> **Exercise directions**: Exclude the pictures, then restate exactly each line of the data below from the first through the line containing "Eating saturated fat".

> **Data extract**:
=== Section Start ===

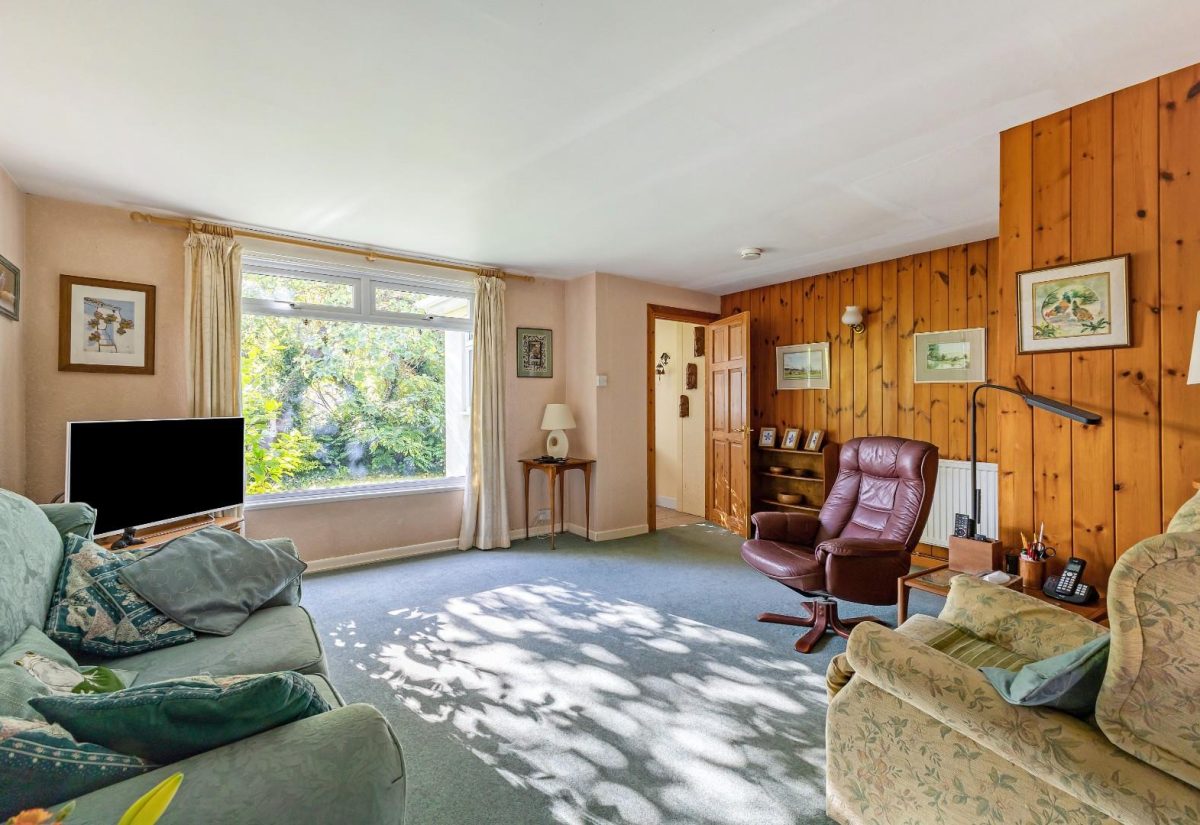 The living room enjoys a large double-glazed window overlooking the front garden, allowing for plenty of natural light. Multiple access points-leading to the conservatory/sunroom, the principal bedroom, and the kitchen.
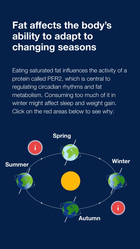 Eating saturated fat influences the activity of a protein called PER2, which is central to regulating circadian rhythms and fat metabolism. Consuming too much of it in winter might affect sleep and weight gain. Click on the red areas below to see why:
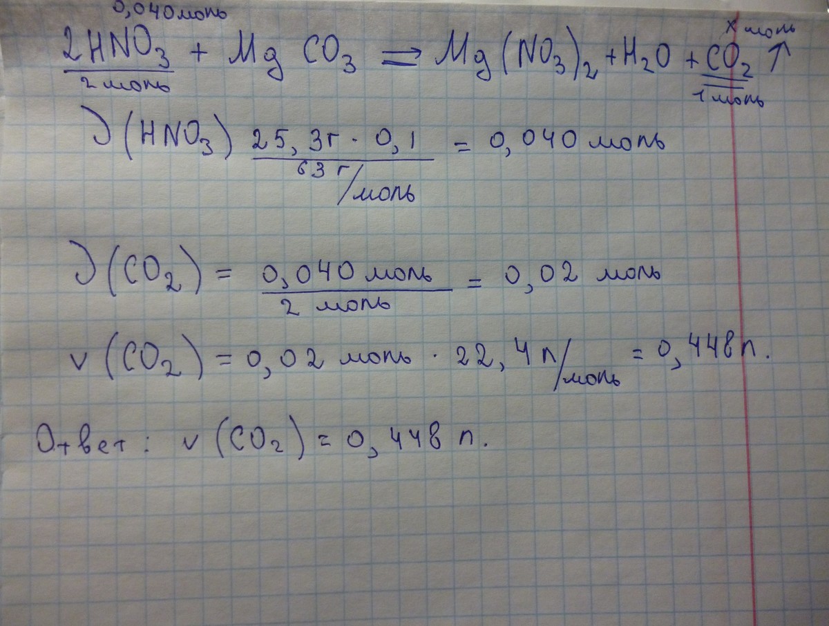 Раствор азотной кислоты массой 25, 3 г и w= 10% прилили к избытку карбоната магния. Вычислите объем выделившегося углекислого газа.

=== Section End ===

> **Result below**:
 The living room enjoys a large double-glazed window overlooking the front garden, allowing for plenty of natural light. Multiple access points-leading to the conservatory/sunroom, the principal bedroom, and the kitchen.
 Eating saturated fat influences the activity of a protein called PER2, which is central to regulating circadian rhythms and fat metabolism. Consuming too much of it in winter might affect sleep and weight gain. Click on the red areas below to see why:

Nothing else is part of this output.